Si presume che 7 squadre partecipanti al Tour de France li abbiano utilizzati.


Gli integratori di chetoni sono basati su una miscela di corpi chetonici dove il 50% di questi sono
rappresentati dal β-idrossibutirrato.
Questi integratori sono stati sviluppati dagli scienziati dell'Università di Oxford nel 2003 in risposta ad
un progetto finanziato dall'esercito USA per creare il carburante più efficiente per i soldati
statunitensi sul campo di battaglia.
Testato in segreto su rematori e ciclisti in GB.
Fondamentalmente sono esteri dei chetoni, ossia sali dei chetoni.
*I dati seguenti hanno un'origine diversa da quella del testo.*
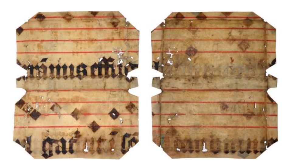
Fig. 4: Budapest, University Library, fragment removed from RMK III/463, recto (left) and verso (right); © Budapest, University Library.

the cathedral, probably compiled in one of the leading scriptoria of Bohemia or Moravia; the monumental rhombic notation and the rich decorative style of the manuscript are similar to that of many late fifteenth- and early sixteenth-century Bohemian codices.<sup>36</sup>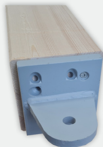
RAL 7001 silver grey (standard)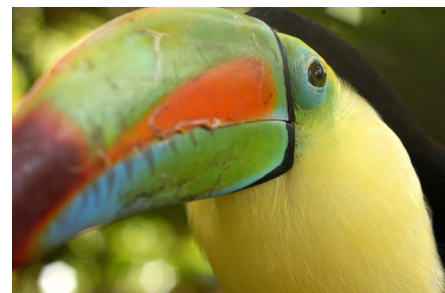
Keel-billed Toucan ( Ramphastos sulfuratus)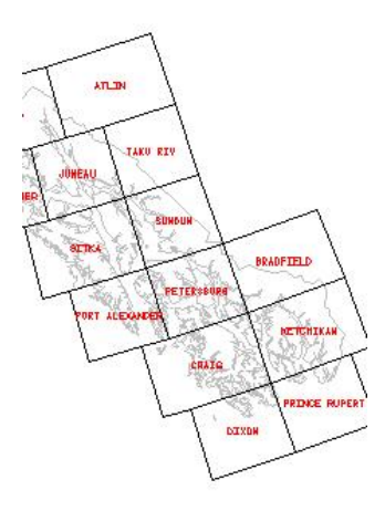
Figure 3: Individual Panels Combined into a Complete Dataset

In order to compile a terrain data set for POW that could be used for the 3D model, we had to merge seven USGS quads (Figure 3): Port Alexander, Craig, Dixon Entrance, Petersburg, Bradfield, Ketchikan Canal, and Prince Rupert. The data resolution was 1:250,000 with a total of 3603 x 3603 elevation values for the combined 7 quads.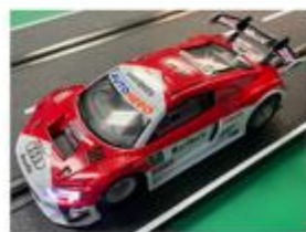
Audi R8 GT3

I corpi chetonici sono prodotti nel fegato in condizioni di ridotta disponibilità di carboidrati e
servono come fonte alternativa ai carboidrati per i tessuti periferici tra cui cervello, cuore e
muscolo scheletrico, quindi sono particolarmente adatti per gare estenuanti (corse a tappe).
Vengono ossidati come fonte di carburante durante l'esercizio e in misura maggiore nei muscoli
scheletrici allenati perché in essi vi è una maggior quantità di enzimi del ciclo di Krebs (aumento
indotto dall’allenamento), quindi hanno un interessante utilizzo per quanto riguarda gli atleti
d’élite.
A differenza dalla dieta chetogenica che riduce la glicemia inducendo il catabolismo degli acidi
grassi e delle proteine (riduzione massa muscolare), l’assunzione diretta dei corpi chetonici
(integratore) previene il catabolismo delle proteine, migliorando i tempi di recupero dell’atleta.
Non si presenta l’ipoglicemia, quindi non si attiva il glucagone e di conseguenza né la lipolisi del
tessuto adiposo né la proteolisi nel muscolo scheletrico, perciò migliora i tempi di recupero.
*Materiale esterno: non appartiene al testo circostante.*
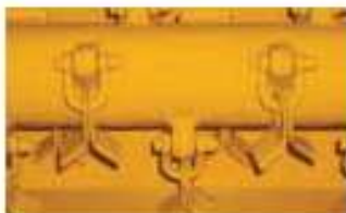
Our flails are mounted on a single drop forged support (1" thick) the pivoting bolt works on a 1" surface. HD flails are 5/32" thick.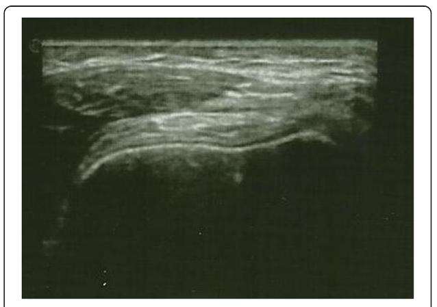
Figure 4 Case 1 left knee ultrasound after treatment. Left knee: transverse gray-scale 12–5 MHz ultrasound image obtained over the medial aspect of the knee showing normal aspect of the joint without fluid or synovial pannus into the subquadriceps recess.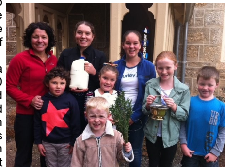
Real milk, real people and real leg power at Yackandandah when the electronic organ failed and the old pedal organ came to the rescue

Uno studio scientifico pubblicato nel 2019 ha verificato come un supplemento di esteri chetonici
potesse migliorare la pratica sportiva.
Questo studio ha coinvolto circa 20 ciclisti, divisi in 2 gruppi: ad un gruppo è stato somministrato
l’integratore di chetoni, l’altro invece ha adottato una dieta bilanciata con la stessa quantità di
calorie dell’altra classe.
Questo studio ha cercato di simulare la corsa a tappe del Tour de France facendo pedalare gli
atleti per 21 giorni con: intensità differenti, allenamenti basati sia sulla lunghezza, sia sullo sprint sia
sulla corsa in salita…
Nel gruppo a cui è stata somministrata l’integrazione di chetoni, hanno riscontrato un minor senso
di fatica dopo i 21 giorni di gare e dei tempi di
recupero più rapidi tra una gara e l’altra.
Il gruppo chetogenico è riuscito a sviluppare un
aumento del volume di allenamento del 15%
durante la 3° settimana di attività.
Inoltre nel gruppo chetogenico si è riscontrato un aumento del 15% nella prova a cronometro.
L’integrazione di chetoni attenua lo sviluppo di sintomi fisiologici di affaticamento e migliora le
prestazioni dell'esercizio di resistenza, indicando che l'assunzione di chetoni è una strategia
nutrizionale che permette di aumentare il carico di lavoro e di migliorare le prestazioni di esercizio
di resistenza (aerobico).

NB: L’eccesso di corpi chetonici può portare al coma e persino alla morte, per questo tipo di
integrazione è indispensabile l’ausilio del medico!!!

FOSFORILAZIONE OSSIDATIVA

La fosforilazione ossidativa è quel processo che consente di trasformare un potenziale


elettrochimico sviluppato grazie ai vari metabolismi e accumulato nello spazio di intermembrana,
per produrre una fosforilazione da ADP ad ATP, quindi ripristinare i livelli di ATP necessari per la
contrazione.
La fosforilazione ossidativa permette di concretizzare la fatica svolta dai vari metabolismi e di
monetizzare, trasformando le varie molecole energetiche prodotte nei catabolismi, in ATP.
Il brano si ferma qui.